*Task instructions*. Please transcribe exactly the lines from the line holding "Жаңа жыл қарсаңында" through the end of the data below, and skip any pictures.

Stored items from a collection
*****

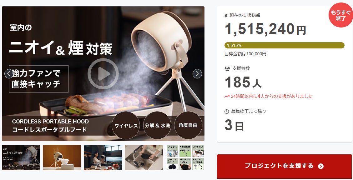 ご支援者 様、煙・油・ニオイを瞬時に強力吸収する場所を選ばないコードレス換気扇にご興味をお持ちいただきありがとうございます。お陰様で、開始から支援総額150万円達成することができました!終了までわずか 3 日となります。小洒落たサーキュレーターのような風貌ですが、中身はしっかりとしたレンジフー...
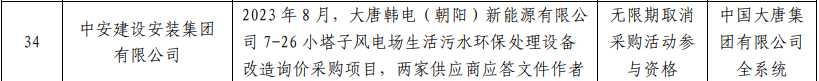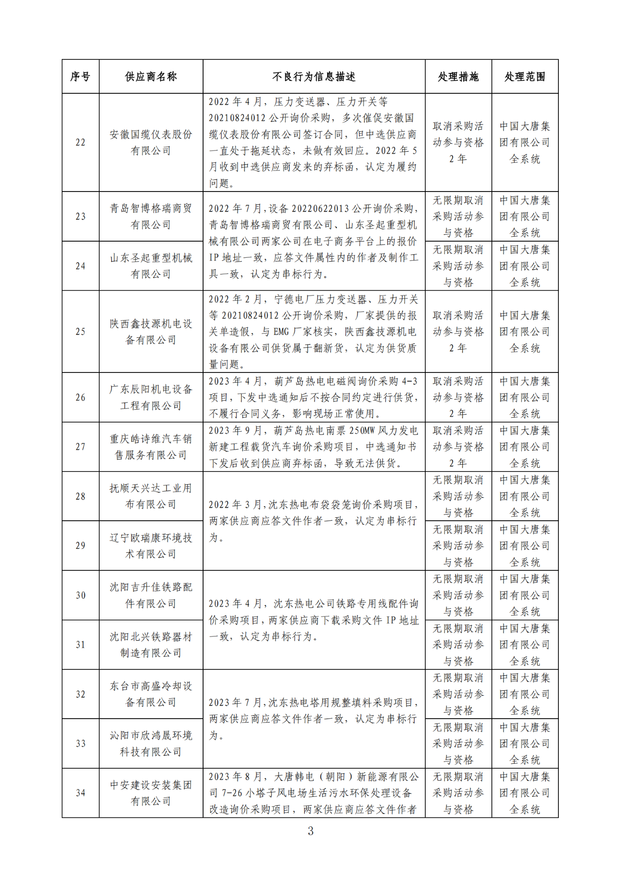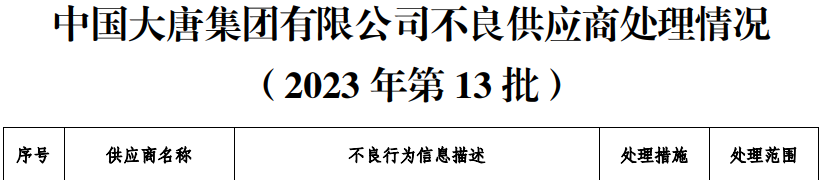 近日,大唐集团发布2023年第13批关于供应商不良行为处理情况的公告。
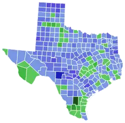 ![]() ![]() Bentsen: 50–60% 60–70% 70–80% 80–90% >90% Bush: 50–60% 60–70% | |||||||||||||||||
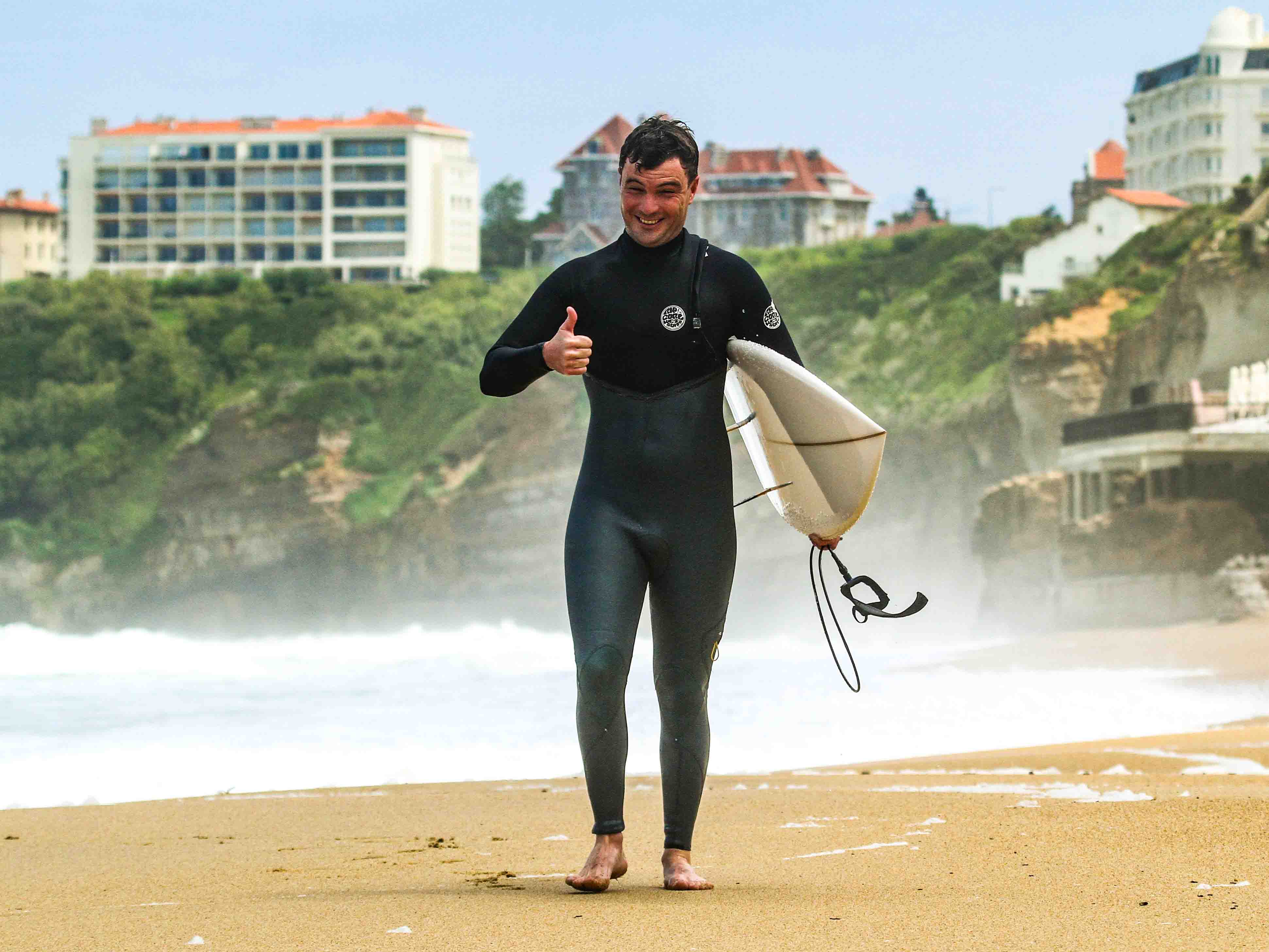 "Haha, eh bien… on dit que les esprits similaires pensent pareil, tu vois ! À Biarritz, j’ai trouvé ce que je pense être une seconde maison. J’ai découvert un endroit qui m’a apporté de nouvelles amitiés, qui m’a reconnecté à des parts de moi-même, peut-être un peu différentes. J’avais d’autres priorités, mais ça m’a rappelé l’amour que j’avais pour le surf et l’entraînement. Biarritz est un lieu avec une grande culture du surf et de la mer, ce que je trouve spectaculaire et qui me plaît beaucoup. Je crois avoir trouvé un lieu d’inspiration. Biarritz m’a donné de nouveaux amis, des personnes que j’estime beaucoup, comme toi et d’autres, et cet endroit s’est senti comme un foyer, frère… Je sens qu’il m’a accueilli et accepté, et pour cela je suis très reconnaissant. Ça a fait que mon esprit se sente à l’aise, en paix et en bien-être. Et à partir de là, beaucoup de choses se passent bien, deviennent plus faciles. Biarritz m’a aidé à me recentrer, à trouver un équilibre, à trouver un endroit où je me sens comme chez moi.
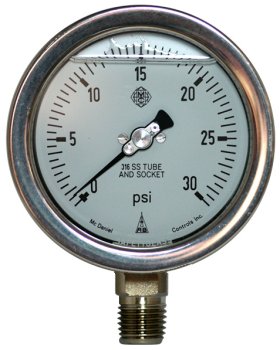 4" Dial Glycerin Filled, "1/4" or 1/2" Bottom Connect |
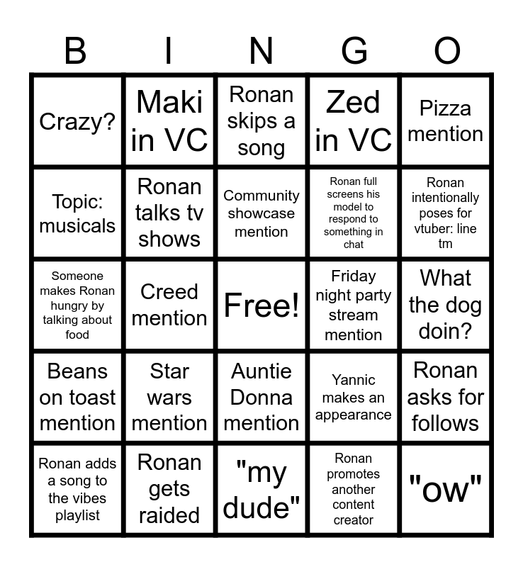 This bingo card has a free space and 29 words: Ronan adds a song to the vibes playlist, Ronan exaggerates or fakes a British accent for comedy, Creed mention, Freckles cam, Crazy?, Ronan skips a song, Ronan talks tv shows, Star wars mention, Friday night party stream mention, Ronan gets raided, What the dog doin?, "ow", "my dude", Ronan promotes another content creator, Ronan intentionally poses for vtuber: line tm, "lexer coded", Auntie Donna mention, Beans on toast mention, Pizza mention, Someone makes Ronan hungry by talking about food, Yannic makes an appearance, Ronan feeds freckles on cam, Ronan full screens his model to respond to something in chat, Topic: musicals, Zed in VC, Maki in VC, Ronan asks for follows, Community showcase mention and Ronan hums along to a song.
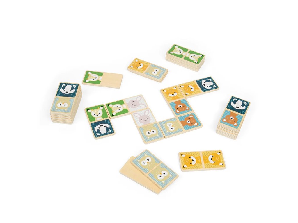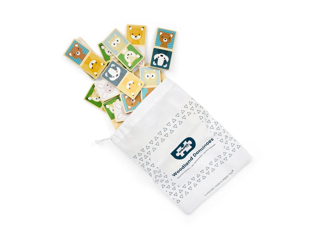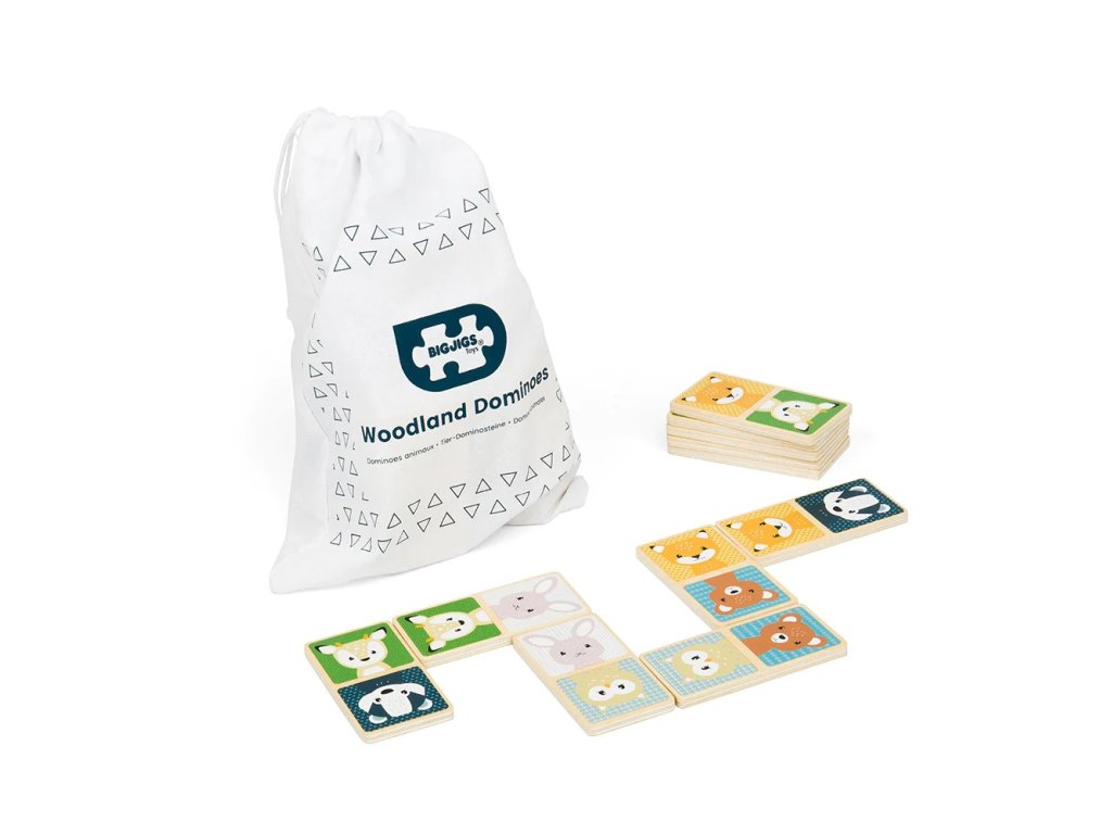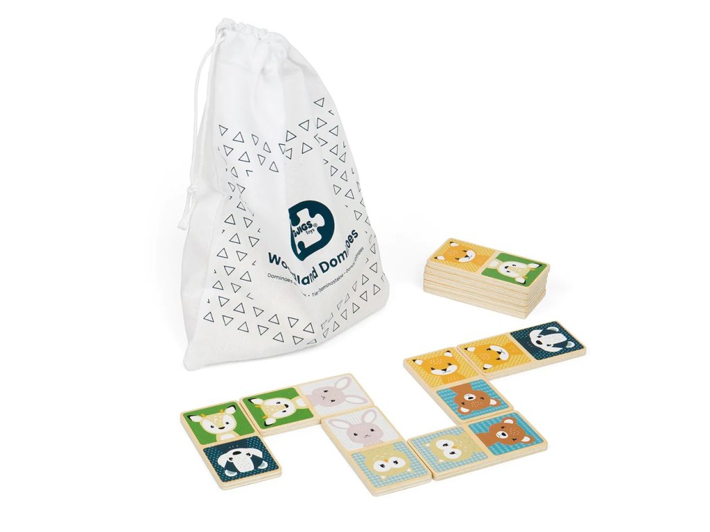 Krásné domino s lesními zvířátky má 28 dílků, které mají velikost tak akorát pro dětské ruce. Ideální hra na cesty, která děti nadchne nejen veselou ilustrací, je zabalená v bavlněném pytlíku. Děti se naučí trpělivosti a všemu dalšímu, co patří ke hře ve více lidech.Vyrobeno z eticky získaného a udržitelného dřeva s certifikací FSC®, malováno netoxickými barvami a laky. Odpovídá evropským bezpečnostním standardům. Hlavní vlastnosti: dětské domino28 dílků s ilustracemi zvířat1 bavlněný pytlíkvyrobeno z FSC® certifikovaného dřevavhodné od 2 let Jak hrát domino:Dílky domina položte na stůl nebo jinou hrací plochu lícem dolů a zamíchejte. Každý hráč si vezme 6 dílků domina (pokud je více než 3 hráčů, každý si vezme 6 dílků domina), které nesmí vidět nikdo z protihráčů! Ostatní domina dejte stranou na hromádku.Začínající hráč položí jedno domino obrázkem nahoru na hrací plochu. Druhý hráč musí položit navazující domino. Pokud žádný z jeho dílků nelze navázat na již položené domino, přibírá si tento hráč domino z hromádky. Na řadě je další hráč. Takto se hráči střídají na řadě, dokud se jeden z nich nezbaví všech dílků domina. Tento hráč vítězí a hra je u konce. Značka a certifikát FSC® (Forest Stewardship Council) zaručuje, že dřevo, ze kterého byl produkt vyroben, nebylo vytěženo nelegálně a pochází z lesů obhospodařovaných šetrným či přírodě blízkým způsobem, ve kterém jsou dodržovány přísné environmentální a sociální požadavky. Značka FSC® na výrobku znamená, že svým nákupem pomáháte chránit lesy a podporujete šetrné, odpovědné či přírodě blízké hospodaření, díky kterému jsou naše lesy stabilnější, zdravější, mají přirozenou druhovou skladbu a lépe odolávají negativním následkům klimatických změn.Doplňkové parametry
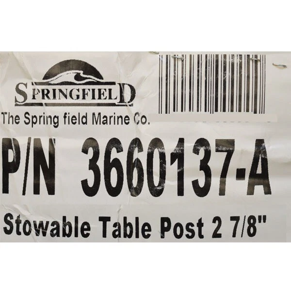 Hard to find original boat parts - Up to 70% off in our eBay store! Springfield Boat Table Post 3660137-A | 38 1/2 x 2 7/8 Aluminum We're your port for thousands of hard to find boat parts, original manufacturer's parts and marine surplus. Check out this deal!! Description Boat part number 1067344 is a new table post from Springfield Marine, part number 3660137-A . This table post is constructed out of anodized aluminum, and measures approximately 38 1/2" L x 2 7/8" OD overall with both ends tapering to 2 3/4" OD. Specifications: Boat Manufacturer: Springfield Marine Part Number: 3660137-A Material: Anodized Aluminum Dimensions: 38 1/2" L x 2 7/8" OD Openings: (2) 2 3/4" OD open ends Sold as seen in pictures. Customers please note every computer shows colors differently. All measurements are approximate. Hardware and instruction / installation manual not included. GLS Stock Number 1067344--FD517 A Message from Great Lakes Skipper We stand behind our products and maintain great relationships with our customers. If you are having an issue, please contact us with an eBay message first before opening an eBay case and we will make every effort to resolve any concerns. Shipping & Delivery Does this item have a Free Shipping option? Check the shipping tab. If you see a Free Shipping option, we will cover the shipping cost to any physical address located in the lower 48 United States at no extra charge. The physical address you provide must be deliverable by ANY service of our choice. We reserve the right to choose the shipping company, so if you would prefer more control over the shipping feel free to choose a different service. Unfortunately, our free service does not permit shipping to PO Boxes, APO/FPO/DPO addresses, US Territories, Alaska, Hawaii or Puerto Rico. If the description above states that this will be a truckline or freight shipment, this means your item will arrive by a large commercial vehicle and the address you provide MUST be a commercial business with either a loading dock or forklift to remove the item from the truck. If the carrier determines your address is a residence (or a business in a residential neighbourhood), by ordering this item you agree to pay any additional residential delivery, redelivery and/or accesorial surcharges. Please send us a message with any questions regarding freight shipments. International freight shipments will incur additional customs and governmental charges which are the responsibility of the buyer. Buying more than one item? Great Lakes Skipper is happy to combine multiple eBay items into one order. Please send us a message and we will be happy to send you a custom shipping quote for your items. Special note for buyers choosing US Postal Priority Mail International Shipping We currently offer USPS Priority International Mail shipping options to provide our international buyers more shipping choices. However, due to the USPS Mail Services high rates of loss, damage and poor insurance coverage, we are forced to reserve the right to ship higher value items by FedEx so your package(s) may be fully insured. Unfortunately, this may increase your shipping costs. When choosing USPS Priority International Mail as your shipping method, you understand we may reroute the package via FedEx and you agree to pay any additional costs incurred. If you would like to make special shipping arrangements or have any questions, please send us an eBay message before ordering. Visit our eBay store for more great deals! NEED MORE INFORMATION? For technical questions regarding installation, operation, boat compatibility, for this item please contact the part manufacturer or your boat dealer. For questions regarding this purchase, for example, item condition, color, dimensions, shipping costs, payment methods, combined shipping, etc., feel free to send us a message any time!
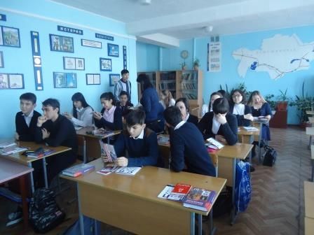 Жаңа жыл қарсаңында 8 Б сынып оқушылары тақырыптық лездеме дайындап келді. Оқушылар техника қауіпсіздігіне көп назар аударды. Тақпақтар мен өлендер айтты.
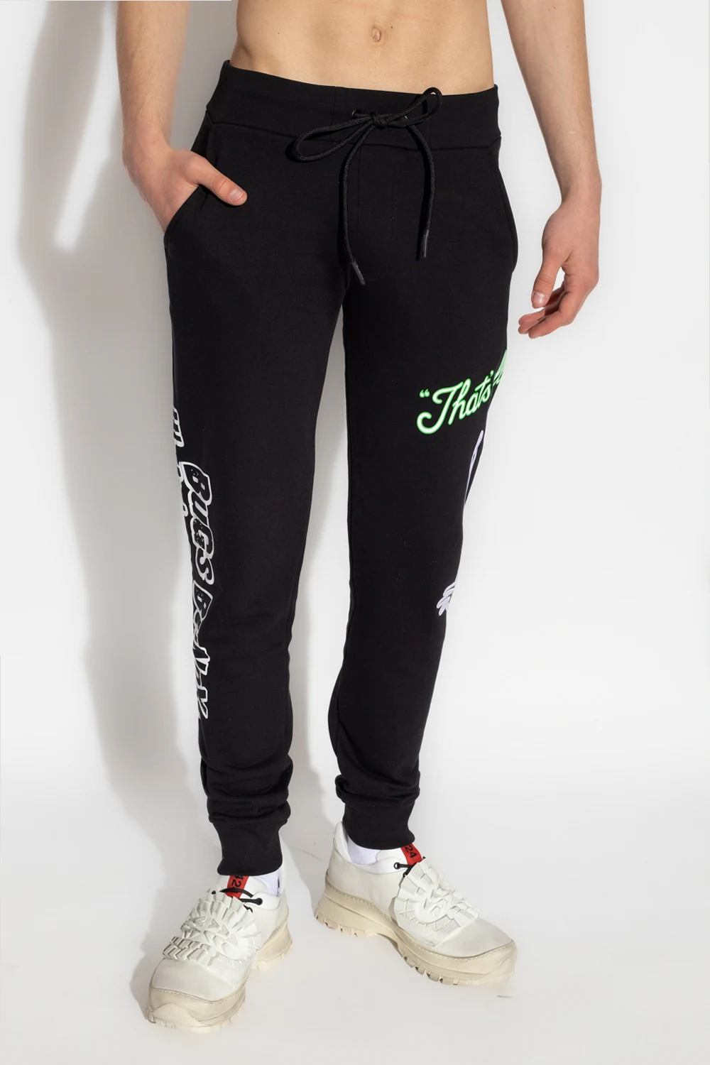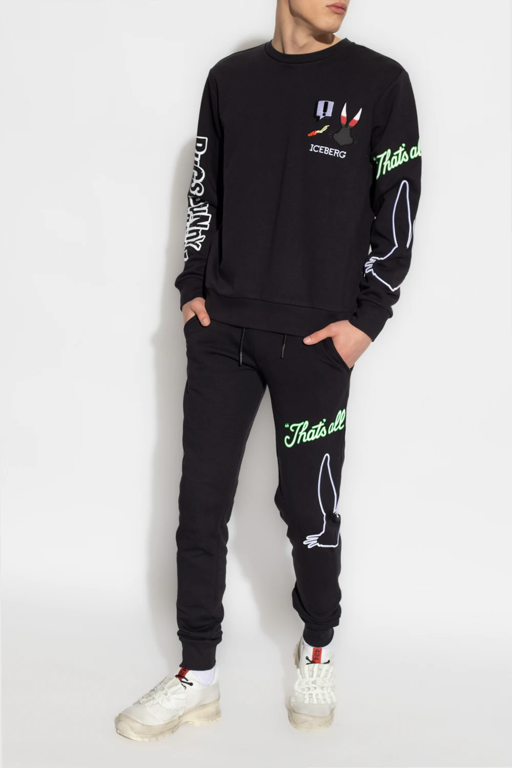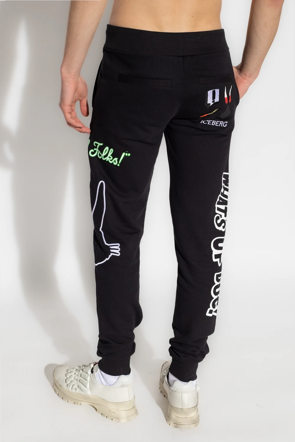 Black sweatpants from Iceberg. Crafted from cotton, this pair is cinched with drawstrings at the waist and features a colourful ‘Looney Tunes™ That's All Folks’ print and embroidery, four slip pockets and elasticated cuffs.

*****

*Problem solution*.
 Жаңа жыл қарсаңында 8 Б сынып оқушылары тақырыптық лездеме дайындап келді. Оқушылар техника қауіпсіздігіне көп назар аударды. Тақпақтар мен өлендер айтты.
 Black sweatpants from Iceberg. Crafted from cotton, this pair is cinched with drawstrings at the waist and features a colourful ‘Looney Tunes™ That's All Folks’ print and embroidery, four slip pockets and elasticated cuffs.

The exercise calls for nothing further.